*** Listed records ***

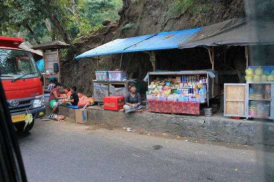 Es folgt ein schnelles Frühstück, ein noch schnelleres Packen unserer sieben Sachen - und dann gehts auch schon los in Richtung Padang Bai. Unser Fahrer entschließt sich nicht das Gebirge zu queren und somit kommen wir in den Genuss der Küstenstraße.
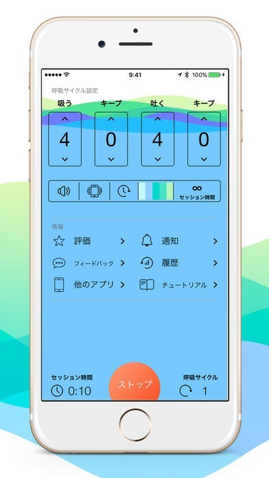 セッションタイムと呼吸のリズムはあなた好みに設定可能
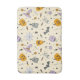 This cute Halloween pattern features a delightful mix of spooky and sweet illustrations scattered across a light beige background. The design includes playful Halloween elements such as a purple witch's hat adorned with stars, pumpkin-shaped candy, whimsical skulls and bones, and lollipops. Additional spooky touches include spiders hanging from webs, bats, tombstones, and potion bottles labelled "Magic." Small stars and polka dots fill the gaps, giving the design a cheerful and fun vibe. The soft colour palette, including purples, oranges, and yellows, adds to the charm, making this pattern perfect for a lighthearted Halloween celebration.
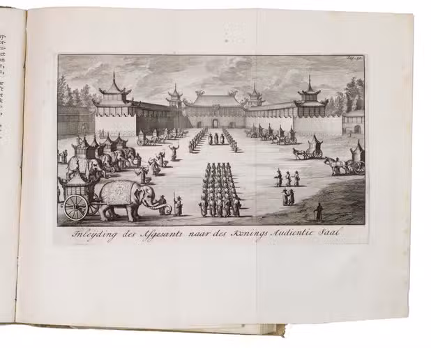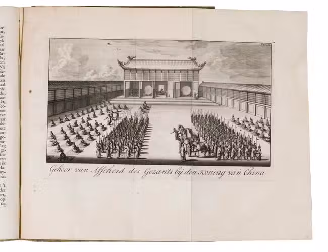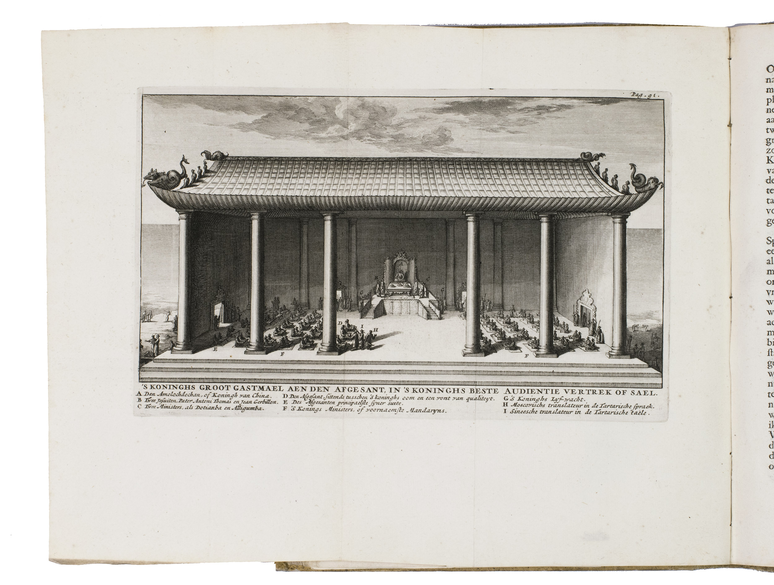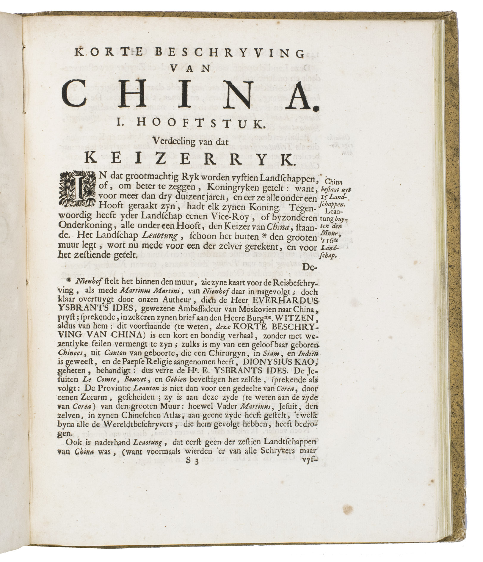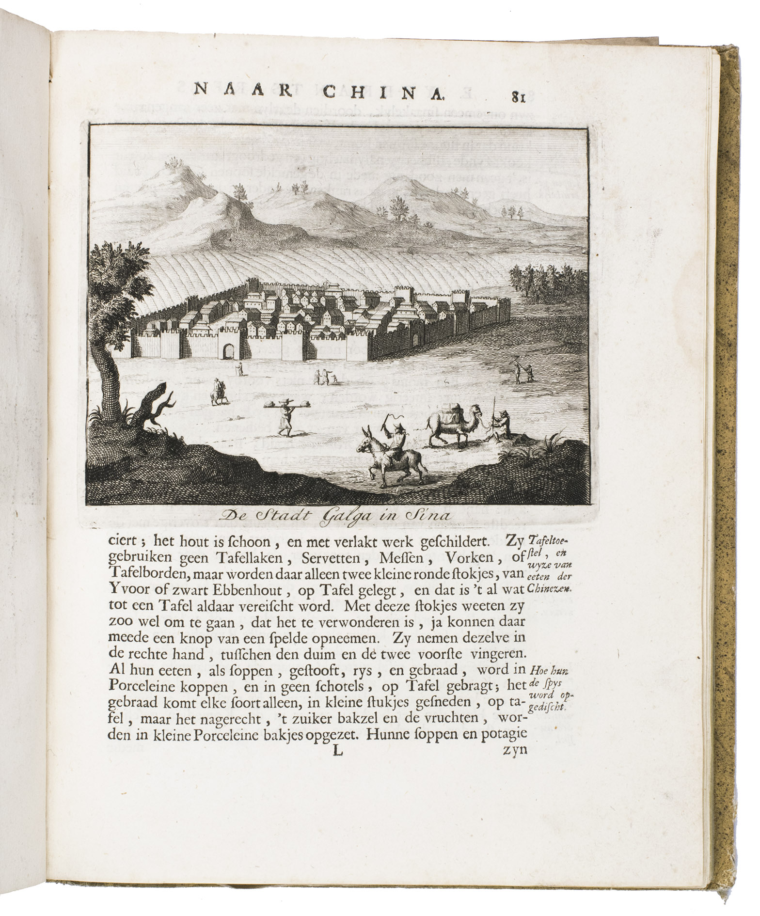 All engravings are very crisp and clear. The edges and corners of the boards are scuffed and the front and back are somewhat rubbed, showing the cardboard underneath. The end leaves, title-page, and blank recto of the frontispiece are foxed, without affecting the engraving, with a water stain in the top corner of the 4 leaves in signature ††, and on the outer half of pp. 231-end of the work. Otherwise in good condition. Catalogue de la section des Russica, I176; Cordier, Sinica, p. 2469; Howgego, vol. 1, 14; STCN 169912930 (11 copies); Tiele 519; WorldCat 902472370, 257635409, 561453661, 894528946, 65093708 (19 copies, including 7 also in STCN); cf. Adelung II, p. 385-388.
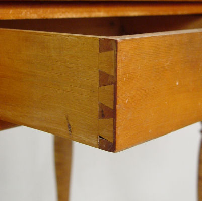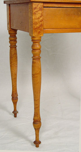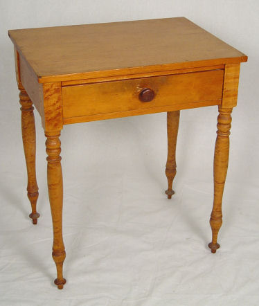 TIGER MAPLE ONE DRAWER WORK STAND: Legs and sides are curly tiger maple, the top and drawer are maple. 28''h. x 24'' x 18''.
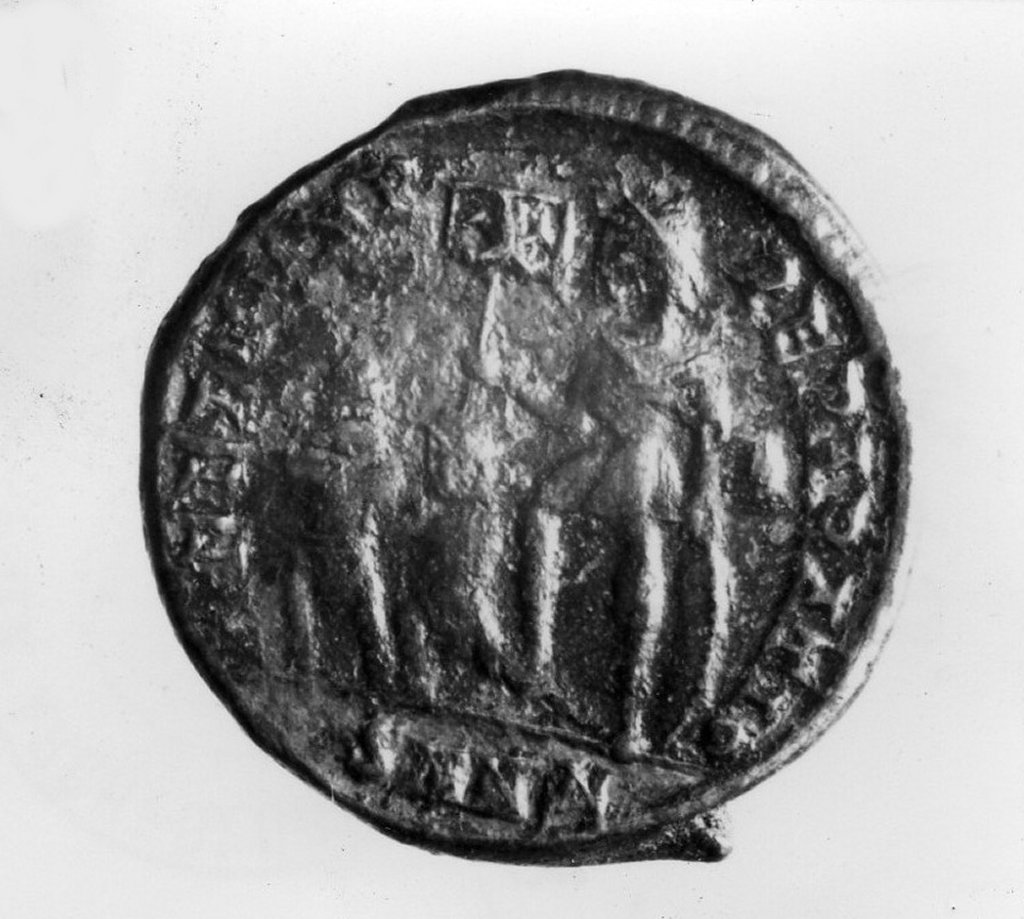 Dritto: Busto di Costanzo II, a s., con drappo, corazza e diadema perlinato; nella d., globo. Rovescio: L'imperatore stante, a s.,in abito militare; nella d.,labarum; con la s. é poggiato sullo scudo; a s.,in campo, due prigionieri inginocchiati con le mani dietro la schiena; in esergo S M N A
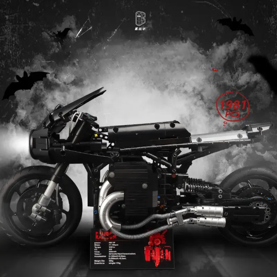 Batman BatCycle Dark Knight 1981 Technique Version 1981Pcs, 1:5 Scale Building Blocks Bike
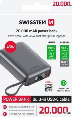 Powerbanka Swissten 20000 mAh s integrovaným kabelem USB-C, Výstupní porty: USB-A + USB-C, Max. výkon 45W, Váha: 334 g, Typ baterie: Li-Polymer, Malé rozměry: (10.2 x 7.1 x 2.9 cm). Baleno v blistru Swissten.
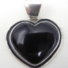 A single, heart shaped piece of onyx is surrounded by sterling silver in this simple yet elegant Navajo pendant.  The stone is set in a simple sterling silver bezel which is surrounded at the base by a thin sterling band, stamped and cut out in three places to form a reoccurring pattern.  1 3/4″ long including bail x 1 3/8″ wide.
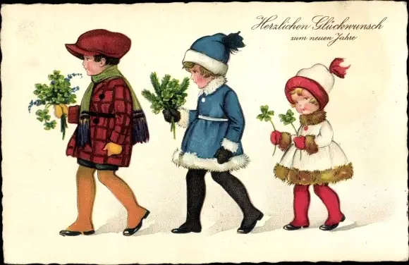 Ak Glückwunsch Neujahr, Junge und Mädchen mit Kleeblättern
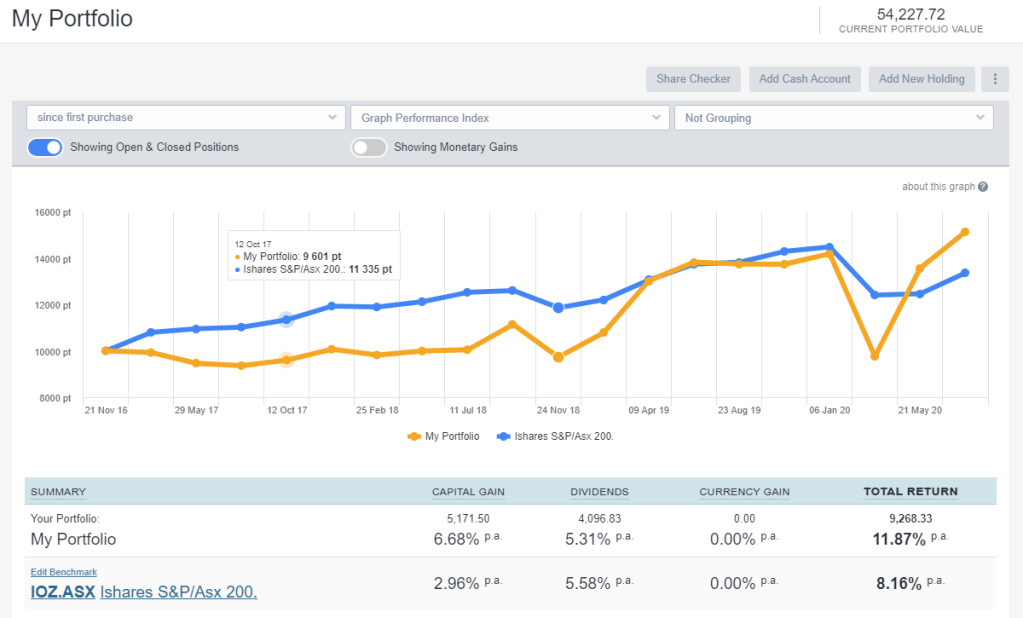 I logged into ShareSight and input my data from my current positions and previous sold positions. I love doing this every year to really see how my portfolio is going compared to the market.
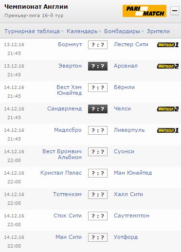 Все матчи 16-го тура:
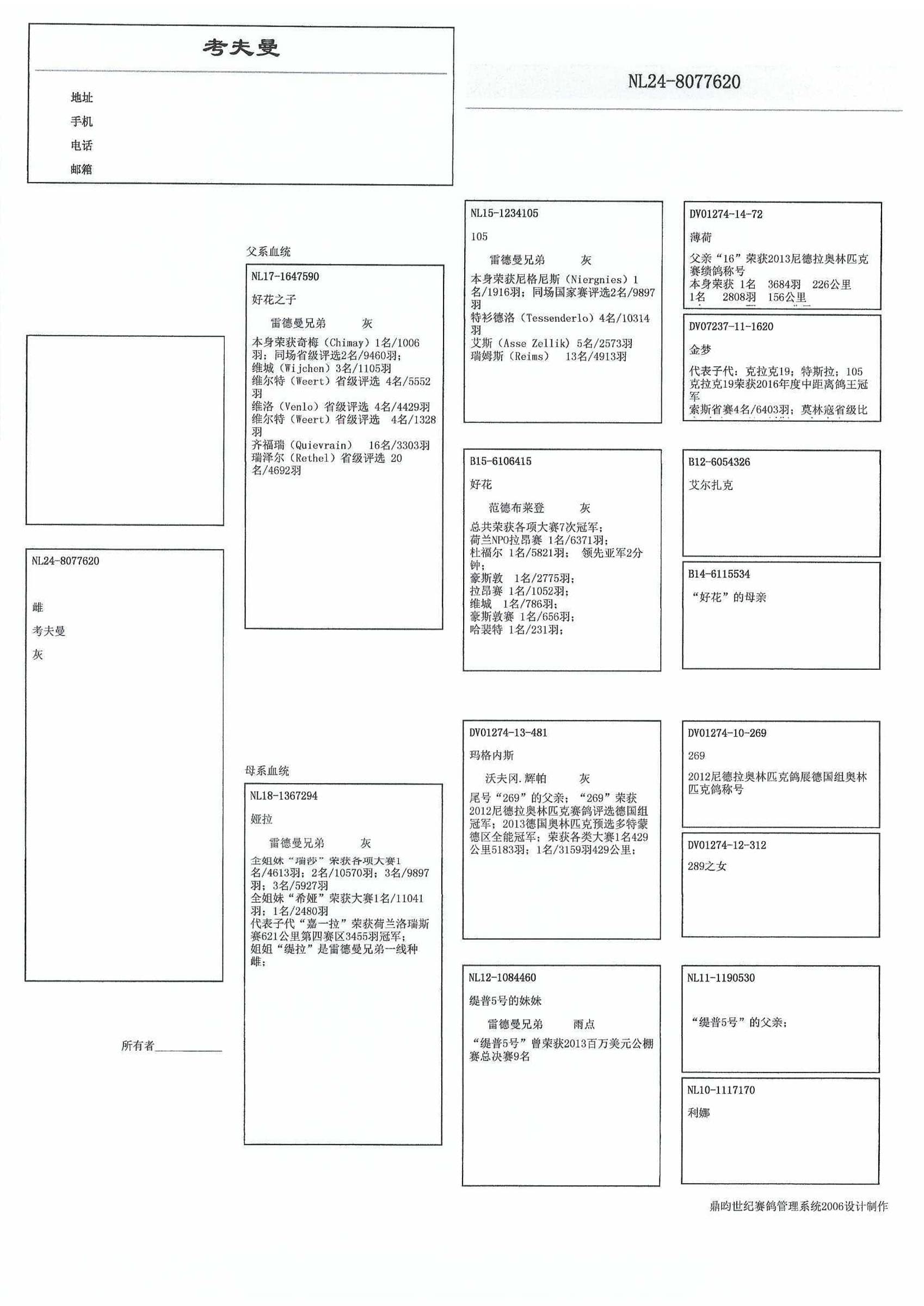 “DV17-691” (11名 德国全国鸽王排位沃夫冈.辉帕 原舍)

*** End of Listed records ***

Task goal: Print the material above once more, exactly, minus the pictures.

Task answer:
 Es folgt ein schnelles Frühstück, ein noch schnelleres Packen unserer sieben Sachen - und dann gehts auch schon los in Richtung Padang Bai. Unser Fahrer entschließt sich nicht das Gebirge zu queren und somit kommen wir in den Genuss der Küstenstraße.
 セッションタイムと呼吸のリズムはあなた好みに設定可能
 This cute Halloween pattern features a delightful mix of spooky and sweet illustrations scattered across a light beige background. The design includes playful Halloween elements such as a purple witch's hat adorned with stars, pumpkin-shaped candy, whimsical skulls and bones, and lollipops. Additional spooky touches include spiders hanging from webs, bats, tombstones, and potion bottles labelled "Magic." Small stars and polka dots fill the gaps, giving the design a cheerful and fun vibe. The soft colour palette, including purples, oranges, and yellows, adds to the charm, making this pattern perfect for a lighthearted Halloween celebration.
 All engravings are very crisp and clear. The edges and corners of the boards are scuffed and the front and back are somewhat rubbed, showing the cardboard underneath. The end leaves, title-page, and blank recto of the frontispiece are foxed, without affecting the engraving, with a water stain in the top corner of the 4 leaves in signature ††, and on the outer half of pp. 231-end of the work. Otherwise in good condition. Catalogue de la section des Russica, I176; Cordier, Sinica, p. 2469; Howgego, vol. 1, 14; STCN 169912930 (11 copies); Tiele 519; WorldCat 902472370, 257635409, 561453661, 894528946, 65093708 (19 copies, including 7 also in STCN); cf. Adelung II, p. 385-388.
 TIGER MAPLE ONE DRAWER WORK STAND: Legs and sides are curly tiger maple, the top and drawer are maple. 28''h. x 24'' x 18''.
 Dritto: Busto di Costanzo II, a s., con drappo, corazza e diadema perlinato; nella d., globo. Rovescio: L'imperatore stante, a s.,in abito militare; nella d.,labarum; con la s. é poggiato sullo scudo; a s.,in campo, due prigionieri inginocchiati con le mani dietro la schiena; in esergo S M N A
 Batman BatCycle Dark Knight 1981 Technique Version 1981Pcs, 1:5 Scale Building Blocks Bike
 Powerbanka Swissten 20000 mAh s integrovaným kabelem USB-C, Výstupní porty: USB-A + USB-C, Max. výkon 45W, Váha: 334 g, Typ baterie: Li-Polymer, Malé rozměry: (10.2 x 7.1 x 2.9 cm). Baleno v blistru Swissten.
 A single, heart shaped piece of onyx is surrounded by sterling silver in this simple yet elegant Navajo pendant.  The stone is set in a simple sterling silver bezel which is surrounded at the base by a thin sterling band, stamped and cut out in three places to form a reoccurring pattern.  1 3/4″ long including bail x 1 3/8″ wide.
 Ak Glückwunsch Neujahr, Junge und Mädchen mit Kleeblättern
 I logged into ShareSight and input my data from my current positions and previous sold positions. I love doing this every year to really see how my portfolio is going compared to the market.
 Все матчи 16-го тура:
 “DV17-691” (11名 德国全国鸽王排位沃夫冈.辉帕 原舍)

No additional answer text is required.